Karel van Gelre in de Eusebiuskerk te Arnhem
Wapen van Karel van Gelre op kasteel van Coevorden

Karel van Gelre of Karel van Egmond (Grave, 9 november 1467Arnhem, 30 juni 1538), uit het huis Egmond, was van 1492 tot aan zijn dood in 1538 hertog van Gelre en graaf van Zutphen.

Achtergrond[bewerken | brontekst bewerken]

Karel van Gelre was de zoon van Adolf van Egmond, hertog van Gelre en graaf van Zutphen, en Catharina van Bourbon. Hij werd geboren in Grave en vanaf 1473 opgevoed onder voogdij van Karel de Stoute en later van aartshertog Maximiliaan van Oostenrijk, die hem op 9 april 1486 tot ridder sloeg. Hij overleed in Arnhem en ligt begraven in de Sint-Eusebiuskerk te Arnhem.

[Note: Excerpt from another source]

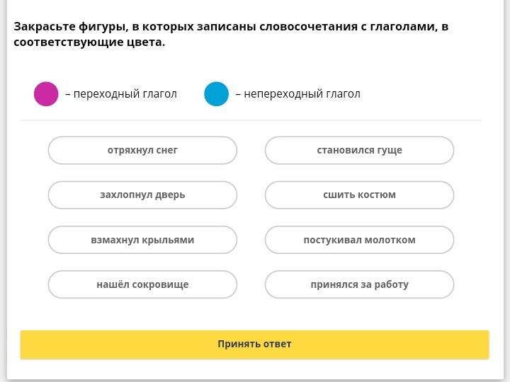 Ответ: в первом столбике 1,2,4- переходные глаголы, 3-непереходный.

Karel was zes jaar oud toen Bourgondische troepen onder leiding van Karel de Stoute Nijmegen onder de voet liepen. Hij werd als gijzelaar meegevoerd en grootgebracht aan het Bourgondische hof. Als jonge ridder vocht hij in het leger van Maximiliaan van Oostenrijk tegen de opstandige Vlaamse steden en tegen de Fransen. Die maakten hem krijgsgevangen en in de jaren aan het Franse hof werd hij omgevormd tot bondgenoot tegen de Bourgondiërs.[1]

De dood van Karel de Stoute, in 1477 bij Nancy, had het einde betekend van het Bourgondische bestuur in Gelre. De Geldersen belastten Adolfs zuster Catharina met het bewind, eerst ten behoeve van de gevangen Adolf en na diens dood (1477) ten behoeve van zijn zoon, de jonge Karel van Egmond, die in 1492 zelf het bestuur aanvaardde nadat hij uit Franse gevangenschap was losgekocht. Bij zijn terugkomst in Gelre werd Karel gehuldigd en als hertog erkend. Zijn gebied bestond op het hoogtepunt uit Gelre, Graafschap Zutphen, Overijssel, Drenthe, Friesland en Groningen (op enkele steden na). In 1520 en 1530 noemde Karel zich 'heer van Groningen, de Ommelanden, Coevorden en Drente'.[2]

Karel voerde niet het familiewapen uit het Egmondse huis, maar net als zijn vader Adolf het samengestelde wapen met de Gelderse en de Gulikse leeuw. Zij gaven hiermee het bezit of de aanspraken op de landen van Gulik en Gelre aan. Het wapen is te vinden op munten, op de lijst van een portret van Karel, en op zijn graf in de Eusebiuskerk in Arnhem.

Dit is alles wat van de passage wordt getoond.